Gleich darauf machten wir uns auf zu einer Erkundungstour. Giovanni entdeckte seine Heimat neu und ließ mich daran teilhaben. Er zeigte mir als erstes das Dorf Santa Severina, das im 9. Jahrhundert auf einem Felsen erbaut wurde. Bis heute sind viele der Häuser noch aus dieser Zeit. Auch die Burg ist sehr gut erhalten. Von außen ist das Dorf schon ein sensationeller Anblick, aber im Inneren scheint die Zeit stillgestanden zu sein. Ein Spaziergang durch die engen Gassen und über die altertümlichen Plätze kommt einer Zeitreise gleich.

Dann ging es weiter nach Le Castella, einem malerischen Dorf direkt am Meer, wo eine alte Burg auf eine winzige künstliche Insel gesetzt wurde und auch einen sehr beeindruckenden Anblick bietet. Auch Le Castella ist im Video zu sehen. Allerdings wirkt es hier nicht annähernd so schön, wie es in Natura ist. Hier blieben wir dann auch zum Mittagessen und genossen die Sonne. Obwohl der Wetterbericht einen verregneten Tag prophezeit hatte, konnten wir uns bei 27° und strahlendem Sonnenschein nicht wirklich beschweren.

Am zweiten Tag dann der Besuch bei unserem Olivenbauern. Dieser konnte es auch kaum erwarten, uns seine Bäume zu zeigen und uns zu fast jedem davon eine Geschichte zu erzählen. Zumindest hatte es den Anschein. Die Oliven hingen auch schon dunkelgrün und saftig an den Ästen. Er zeigte uns, dass auch die ersten Früchte schon reif sind und herunterfallen. Das sei aber jedes Jahr so, dass es ein paar „Frühreife“ gibt die randalieren. Diese würden allerdings die Qualität der Ernte und auch den eigentlichen Zeitpunkt verraten, an dem es dann wirklich losgeht. Er prognostizierte uns den 10. November. Und dann berichtete er freudestrahlend, dass es dieses Jahr eine selten gute Ernte geben werde und die Ausbeute sehr gut wäre, weil das Klima perfekt gewesen sei. Somit könne er auch die Verbraucher in der Region direkt beliefern und könne so den Literpreis stark senken.

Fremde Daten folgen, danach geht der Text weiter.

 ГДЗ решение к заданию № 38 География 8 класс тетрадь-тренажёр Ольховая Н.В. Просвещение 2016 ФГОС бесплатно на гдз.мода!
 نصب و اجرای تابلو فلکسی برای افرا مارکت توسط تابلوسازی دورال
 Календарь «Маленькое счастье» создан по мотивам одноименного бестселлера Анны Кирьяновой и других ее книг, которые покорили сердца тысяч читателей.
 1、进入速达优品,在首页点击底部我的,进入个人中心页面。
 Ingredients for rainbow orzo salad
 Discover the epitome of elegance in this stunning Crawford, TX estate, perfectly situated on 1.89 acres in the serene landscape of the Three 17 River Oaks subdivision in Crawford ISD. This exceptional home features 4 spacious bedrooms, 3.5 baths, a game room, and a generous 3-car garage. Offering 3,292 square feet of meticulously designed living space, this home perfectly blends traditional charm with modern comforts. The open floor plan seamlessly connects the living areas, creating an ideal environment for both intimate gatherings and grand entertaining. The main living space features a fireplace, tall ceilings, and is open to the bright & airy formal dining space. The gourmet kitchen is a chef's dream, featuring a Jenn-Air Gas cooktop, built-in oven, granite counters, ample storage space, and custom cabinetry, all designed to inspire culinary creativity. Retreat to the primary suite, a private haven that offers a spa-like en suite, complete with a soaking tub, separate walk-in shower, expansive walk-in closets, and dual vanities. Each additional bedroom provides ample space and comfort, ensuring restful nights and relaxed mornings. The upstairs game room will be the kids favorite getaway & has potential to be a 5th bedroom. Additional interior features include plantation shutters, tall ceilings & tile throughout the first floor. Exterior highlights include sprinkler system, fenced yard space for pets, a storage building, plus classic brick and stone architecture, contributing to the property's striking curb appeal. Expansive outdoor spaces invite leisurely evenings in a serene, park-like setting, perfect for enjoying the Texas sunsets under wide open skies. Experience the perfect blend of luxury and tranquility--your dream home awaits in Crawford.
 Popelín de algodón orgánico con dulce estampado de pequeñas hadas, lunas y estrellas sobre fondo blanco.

Wir besichtigten die Haine und konnten uns nun direkt ein Bild davon machen, wie die Pflege umgesetzt wird. Natürlich zeigte er uns auch die Bäume, die dieses Jahr „Urlaub“ haben, wie er es nannte. Diese standen frisch beschnitten im aufgelockerten Boden und konntenn sich nun erst einmal erholen. Ganz besonders stolz sei er, dass er ohne jeglichen Einsatz von Chemie seine Bäume so wunderbar gesund erhalten könne. Das sei das Ergebnis von Erfahrung, die seit Generationen weitergegeben wird.

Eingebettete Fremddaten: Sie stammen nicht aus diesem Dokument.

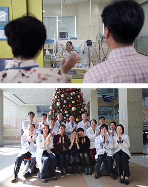 병원에선 임상연구심의위원회와 의료윤리위원회를 개최하고 대한흉부외과학회 등에 생체 폐이식 수술을 설득해 긍정적인 답변을 받았습니다. 병원 내부적으로도 국내 첫 생체 폐이식 강행에 대한 고민은 많았습니다. 하지만 흉부외과 박승일 교수는 “열아홉 살 여자 아이가 숨을 못 쉬어서 우리한테 도와달라는데 도와줘야 하지 않겠습니까? 환자만 보고 갑시다.”라며 의료진을 설득했습니다. 모두의 간절한 바람 덕분인지 2017년 10월 21일. 드디어 생체 폐이식 수술 날짜가 잡혔습니다. 불과 한 달도 되지 않은 기간에 벌어진 기적이었습니다.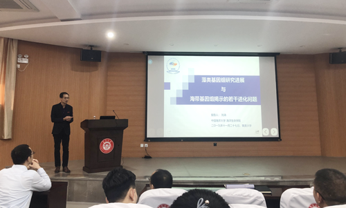 聘任仪式后,刘涛还做客水产学院水产前沿讲坛,为学院师生作了题为“藻类基因组研究进展与海带基因组揭示的若干进化问题”的学术报告,介绍了藻类基因组的研究进展、藻类基因组揭示的基本遗传学问题、海带核心代谢通路及其反映的进化机制,并就藻类基因组研究的热点问题及挑战进行了总结与展望。
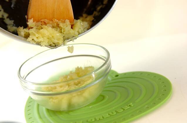 フライパンに<ハンバーグ>のオリーブ油を入れ、みじん切りの玉ネギを炒めて、きつね色になったら、ボウルなどに取り出し、粗熱を取る。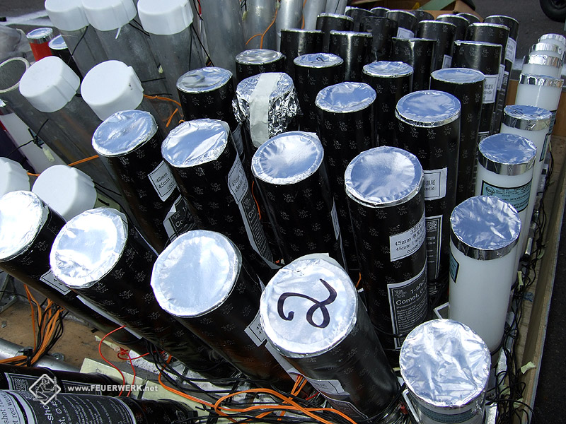 Verschiedene One Shot Comets bis Kaliber 45mm, gefächert. Hinten (links) in Bombettengestellen aus Aluminium von den Feuerwerkern selbst verladene Kometen, vorne fertige One Shots mit Papp-Abschussrohren (schwarz) und solche aus Plastik spanischer Fertigung (weiß).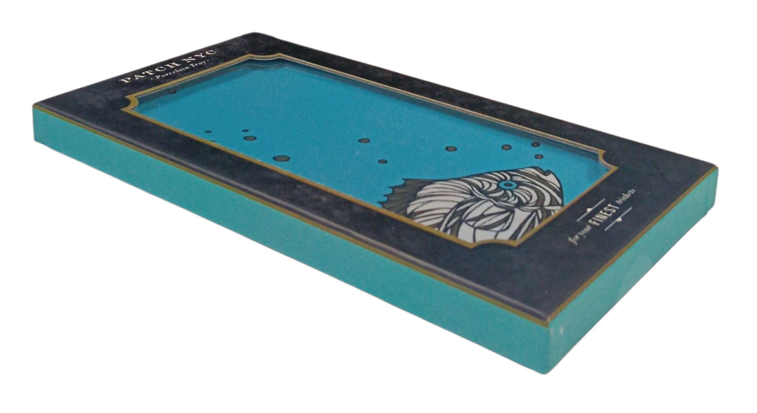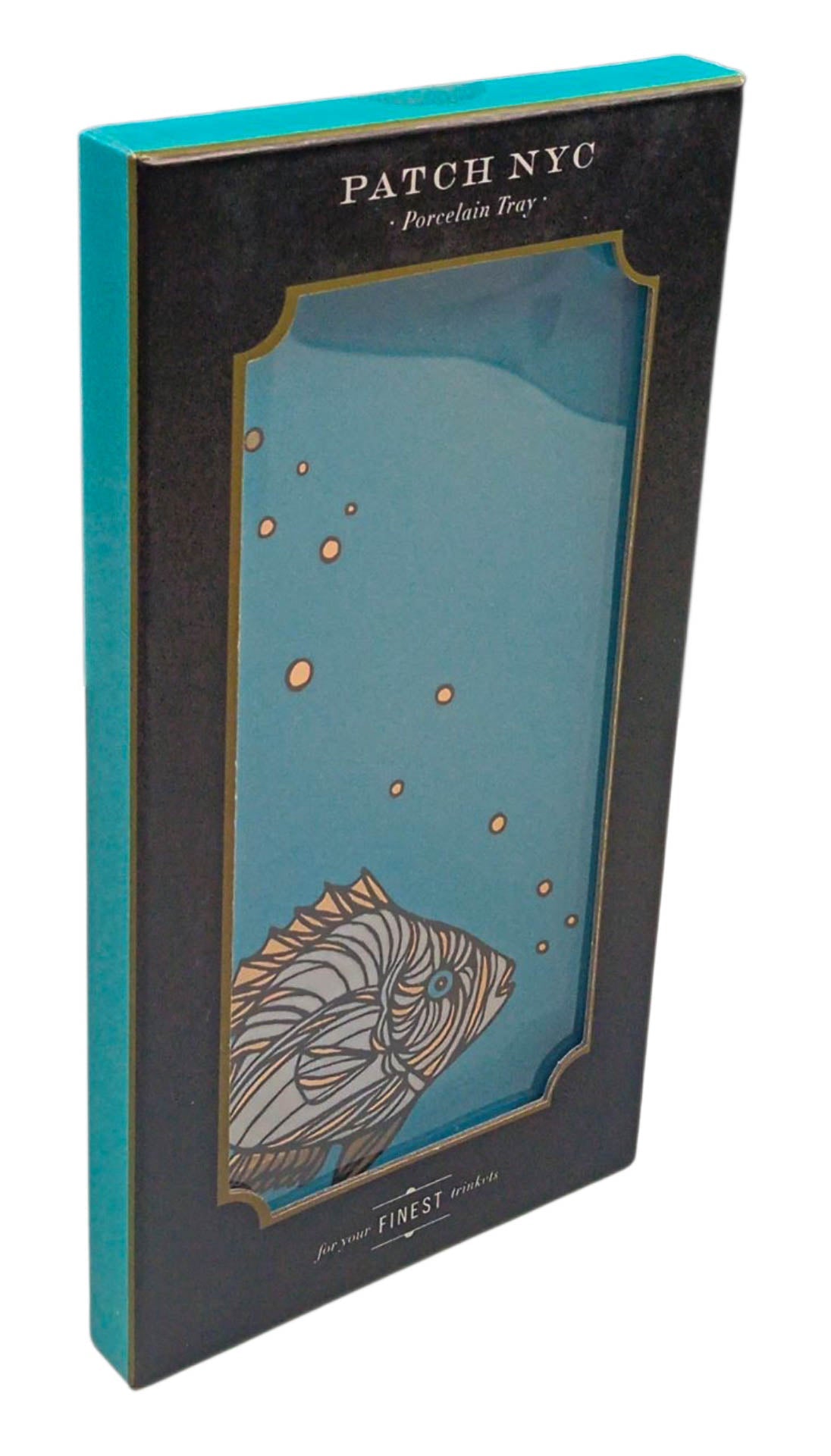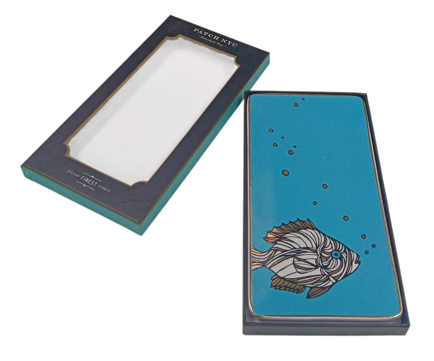 The Patch NYC Fish Tray from Galison is no exception, beautifully colored with sea blue background and fish illustration enhanced with gold foil. This tray is packaged in a sturdy die-cut window box so it makes a great gift and is sure to become the perfect destination for keys, jewelry, and other trinkets or desktop items.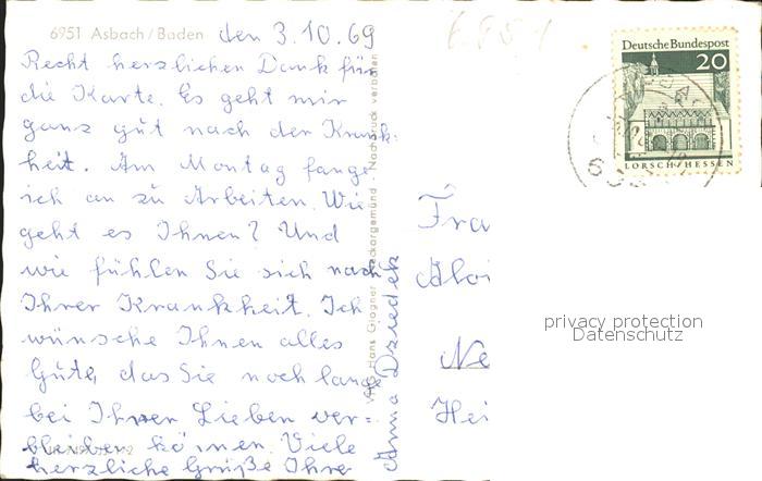 31727440 alte Postkarte Obrigheim Baden Asbach Kirche postalisch gelaufen Erhaltung siehe scans KatCode: 11110008225074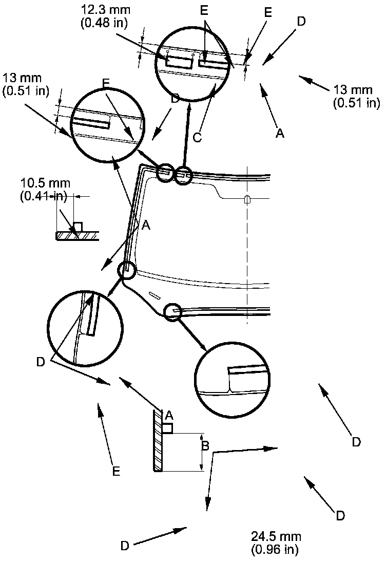 8. Scrape smooth the old adhesive with a knife until there is a thickness of about 2 mm (0.08 in) on the bonding surface around the entire windshield opening flange: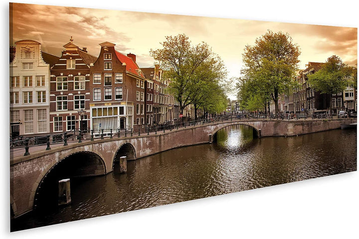 islandburner Bild auf Leinwand Amsterdam Grachten Bilder Wandbilder Poster Leinwand 120x40cm - Panor

Außerdem haben sich ein paar Bauern, Metzger, Bäcker und Imker aus der Region, inspiriert durch unsere Kampagne, zusammengetan und haben eine Bauern-Kooperative gegründet. Die Mitglieder treffen sich nun jede Woche und diskutieren, wie sie ihre Produkte wieder nachhaltig, ehrlich und natürlich herstellen können. Schließlich wären alle Voraussetzungen gegeben, und es mache sich schon lange ein Unmut bemerkbar, weil ihnen bewusst wird, dass die Industrialisierung zwar anfangs Arbeitsplätze gebracht hat, letztendlich die schöne Gegend kaputt und die Leute krank macht.

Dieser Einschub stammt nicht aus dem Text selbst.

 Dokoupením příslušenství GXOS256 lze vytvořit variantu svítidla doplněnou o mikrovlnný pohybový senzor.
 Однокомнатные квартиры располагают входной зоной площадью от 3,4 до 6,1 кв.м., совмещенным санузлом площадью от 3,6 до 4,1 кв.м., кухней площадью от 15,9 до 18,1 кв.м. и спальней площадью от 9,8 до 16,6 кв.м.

Diese Neuigkeit freute uns natürlich auch extrem, und wir machten uns, zuhause angekommen, sofort ans Rechnen. Die Ersparnis beträgt über 20%. Und selbstverständlich werden wir diesen Preis auch an euch weitergeben. Zur Feier des Tages lud Giovanni mich abends zum Essen in ein Lokal seines Onkels ein. Hätte ich gewusst was da auf mich zukommt, hätte ich eine Woche davor eine Diät eingelegt. Obwohl Giovanni ständig erwähnt, dass die kalabresische Küche eher einfach ist, habe ich doch selten so gute Meeresfrüchte und gegrillten Fisch gegessen. Auch das Gebäck zum Dessert war ein Gedicht.

Mit vollem Magen schleppten wir uns wieder in unsere Unterkunft. Dieser Tag war ein voller Erfolg.

Da wir nun alles erledigt hatten und es am nächsten Tag sehr stark zu regnen begonnen hat, beschlossen wir, unsere Zelte abzubrechen und wieder nach Deutschland zu fahren um die gewonnenen Erkenntnisse in das Konzept einzuarbeiten. Somit ist ab sofort nicht nur das Eulivenöl günstiger, sondern alle, die schon bestellt haben, können sich über die Rückzahlung der Differenz freuen. So sieht für uns eine kollektive Initiative aus!

Die letzten Wochen bis zur Ernte gibt es noch viel zu tun, und ich freue mich schon auf die nächste Reise im November, wenn wir dann live bei der Ernte dabei sein können und euch den Lohn der Mühen mit nach Deutschland bringen können.